El Rancho Armstrong era un imperio de tierra, sudor y reglas inquebrantables. Becky Armstrong, la heredera del lugar, observaba el reloj de su muñeca mientras golpeaba rítmicamente su bota contra el suelo.
No le gustaba perder el tiempo, y mucho menos esperar a una ciudadana que venía castigada.
Cuando el coche del señor Chankimha se detuvo, la puerta no se abrió de inmediato. Hubo una discusión visible dentro del vehículo hasta que, finalmente, Freen Sarocha Chankimha salió disparada del asiento trasero, cerrando la puerta con un golpe que resonó en todo el valle.
—¡Es una injusticia! ¡No puedes dejarme en este basurero! —gritó hacia el coche, con los ojos llorosos de pura rabia.
El coche arrancó sin responder, dejándola sola con sus maletas de diseñador sobre la tierra seca.
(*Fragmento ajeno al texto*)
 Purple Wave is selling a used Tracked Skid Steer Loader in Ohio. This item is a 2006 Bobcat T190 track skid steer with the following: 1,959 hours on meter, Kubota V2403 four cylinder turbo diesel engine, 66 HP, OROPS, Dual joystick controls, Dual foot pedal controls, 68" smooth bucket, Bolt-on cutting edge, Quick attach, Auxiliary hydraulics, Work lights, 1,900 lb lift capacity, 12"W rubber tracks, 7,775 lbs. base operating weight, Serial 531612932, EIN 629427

Se giró, respirando agitadamente, y se encontró con la mirada de Becky.
Freen era hermosa, incluso con el rostro desencajado por el enojo. Tenía una dulzura natural en sus facciones que contrastaba violentamente con el fuego de su mirada. Llevaba una blusa de seda que ya empezaba a pegarse a su piel por el calor y unos pantalones que costaban más que el sueldo mensual de cualquier peón del rancho.
—¿Terminaste con el espectáculo? —preguntó Becky, con una voz profunda y carente de toda emoción.
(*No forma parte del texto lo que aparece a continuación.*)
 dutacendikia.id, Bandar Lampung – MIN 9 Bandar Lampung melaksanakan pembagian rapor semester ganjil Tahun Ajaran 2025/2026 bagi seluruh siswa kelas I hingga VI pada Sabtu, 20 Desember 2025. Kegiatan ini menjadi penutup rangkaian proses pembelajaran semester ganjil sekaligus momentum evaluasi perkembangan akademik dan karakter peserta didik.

Freen la miró de arriba abajo. Becky vestía unos jeans desgastados que le quedaban como una segunda piel, botas sucias y un sombrero que ensombrecía sus ojos intensos. Se veía imponente, ruda y, para fastidio de Freen, extremadamente atractiva en un sentido peligroso.
—Tú debes ser la famosa Becky —escupió, cruzándose de brazos—. Supongo que mi padre te pagó lo suficiente para ser mi carcelera este verano.
Becky caminó hacia ella con pasos lentos y calculados. No se detuvo hasta estar a escasos centímetros, obligando a Freen a inclinar la cabeza hacia atrás para sostenerle la mirada. Su aura era territorial; ella era la dueña de cada gramo de aire en ese lugar.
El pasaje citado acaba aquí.